Thanks @gregorbg for your review. I agree with all your points except previous_stakeholder_id which I didn't completely understand, or rather I couldn't find any good use-case where that can be helpful. I might have understood it wrongly, but I feel not having it can make the design simple and straight forward. What do you think?

So finally there are mainly 4 tables for tables:

  1. tickets
  2. ticket_comments
  3. ticket_logs
  4. ticket_stakeholders
    Apart from above 4 there will be one table for each ticket type like tickets_edit_person_name, tickets_anonymize_profile, etc.

The 4 main tables' structure will be as follows (since there is no major change from the previous schema diagram (other than adding new table ticket_logs and few new columns), I'm writing it down now):

  1. tickets
    • id (int)
    • name (string)
    • type (enum)
    • created_by (ticket_stakeholder)
  2. ticket_comments
    • id (int)
    • ticket_id (tickets)
    • comment (string)
    • comment_by_stakeholder_id (ticket_stakeholder) - the stakeholder can either be the user directly or can be a user_group like WRT, WST, etc.
    • comment_by_user_id (users) - the comment can be sent only by logged in user, so this field will store the user ID
  3. ticket_logs
    • id (int)
    • ticket_id (tickets)
    • log (string)
  4. ticket_stakeholders
    • id (int)
    • ticket_id (tickets)
    • stakeholder_id (int) - user ID or user_group ID
    • stakeholder_type (enum) - user or user_group
    • connection (enum) - initially only 'assigned' and 'cc', later maybe we can add new types of connections if needed
    • is_active (bool) - whether the stakeholder is still relevant to the ticket

Do you agree with this design? If so, can we consider this as final design? If yes, I can share my action plan next.
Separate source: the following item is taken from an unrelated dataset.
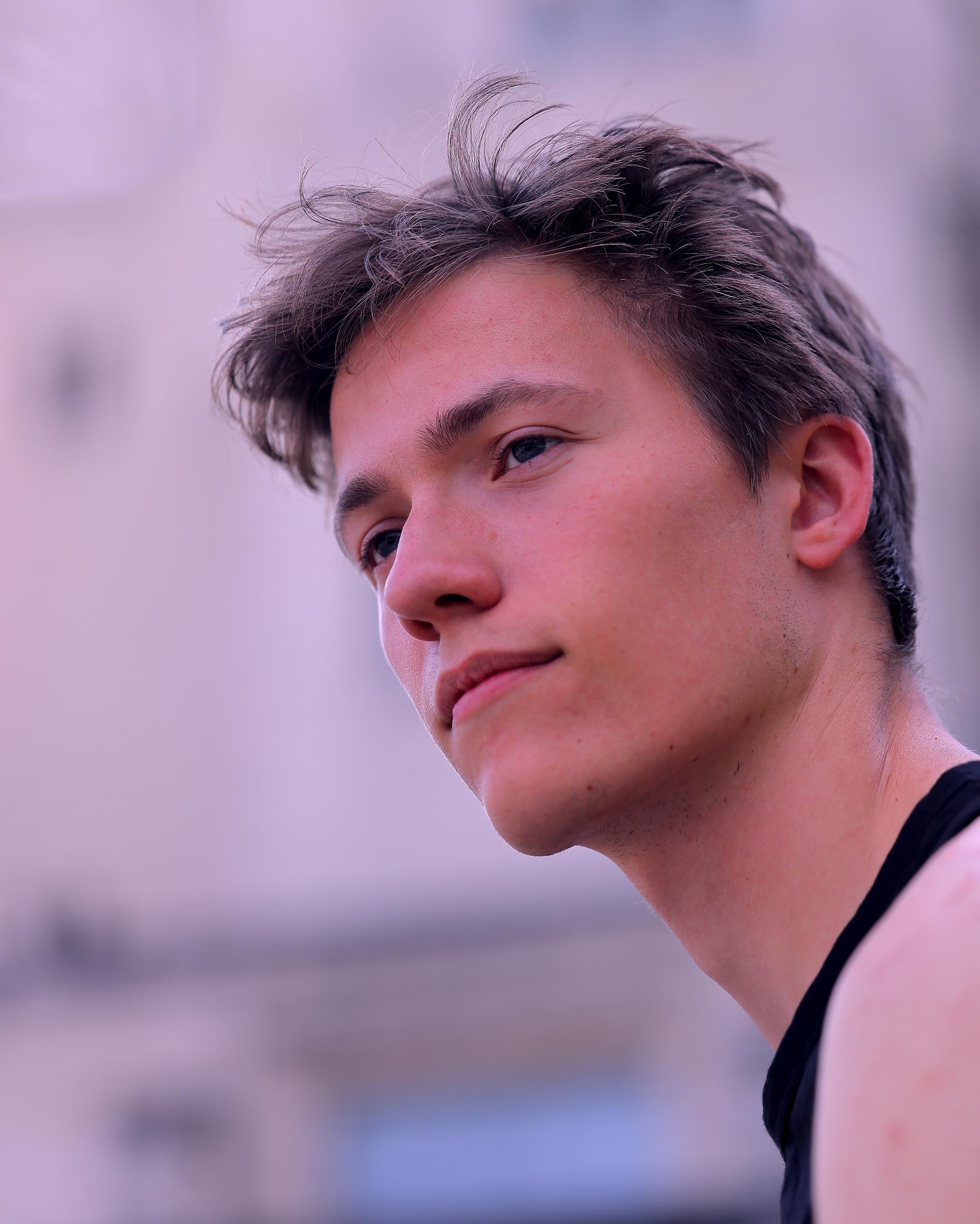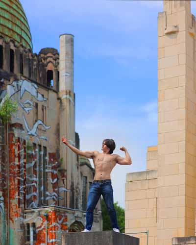 Wednesday: mémorial InteralliéWednesday is the first day that we actually organize shootings. We go to Mémorial Interallié not far from the railroad station Liège Guillemins, because during the day a few models will arrive by train. It is not my favorite place, I prefer a place with sun and shade.Photo right: a fitness model must of course show his skills, followed by a second model a little later. In the background the church Sacré Cœur of Liège. A model from the Netherlands came to Liège for a short photoshoot for just one day. In the morning I try to contact him, but no response to the messages and the phone calls. Probably not awake in time and missed the train. I start my shootings with another model.

Screenshot 2024-10-25 at 6 44 30 PM

Added the architecture diagram for easy review.

Thank you! Please turn around the arrow between tickets and anonymizations. In other words, the "general" ticket should be the one that points to its metadata, just the same way that groups currently point to their metadata. Otherwise LGTM :)

Thanks @gregorbg, I'm attaching the updated diagram. My plan is to start with tickets for edit_person, so have added table for that:

Screenshot 2024-10-25 at 10 57 37 PM

I'm planning to do this in different phases and in the first phase, I'm targeting to build an MVP which won't harm WRT in any way (like I won't give any extra work for WRT with this change)

Also, in the first phase, I'll be skipping ticket_comments, I'll be doing it in phase 2.

The structure of tickets page will be something like:

Screenshot 2024-10-25 at 11 04 54 PM

Except ticket playground, everything should be straightforward. By ticket playground I mean the area where the stakeholders can do some action. There can be cases where the playground can be empty as well. For example, in case of 'edit person tickets', for WRT members, the playground will have the form to make the change and the changes requested, while if the requester opens the ticket page, they won't have any playground so that area will be empty.

User journey:

  1. User requests for editing their profile details using contact form
  2. In the backend, along with sending the usual email, a ticket will also be created.
  3. In the mail that is sent, we will have a line like "you can edit the details using this link" and the link will be of the ticket page.
  4. In the ticket page, the playground for WRT will be having two components: first component to show what are the changes requested, and second component to show the form where they can make the change there itself.
  5. Once the WRT makes the change, the ticket will get closed.

(Passively, whenever some action is made in tickets, a log entry will also be created)

There are many more features that is related to tickets which are not covered in phase 1, some of them are:

  1. When a ticket is created, "ticket created" email will be sent, similarly "ticket closed" email will be sent when query is resolved.
  2. A listing page will be there where WRT can see open tickets. Similarly users will also have a page where they can see their tickets.
  3. Currently the ticket page has the contact form, but it will be replaced with proper one-button click actions making it more comfortable for WRT.
  4. There will be option to add new stakeholders and maybe even remove stakeholders.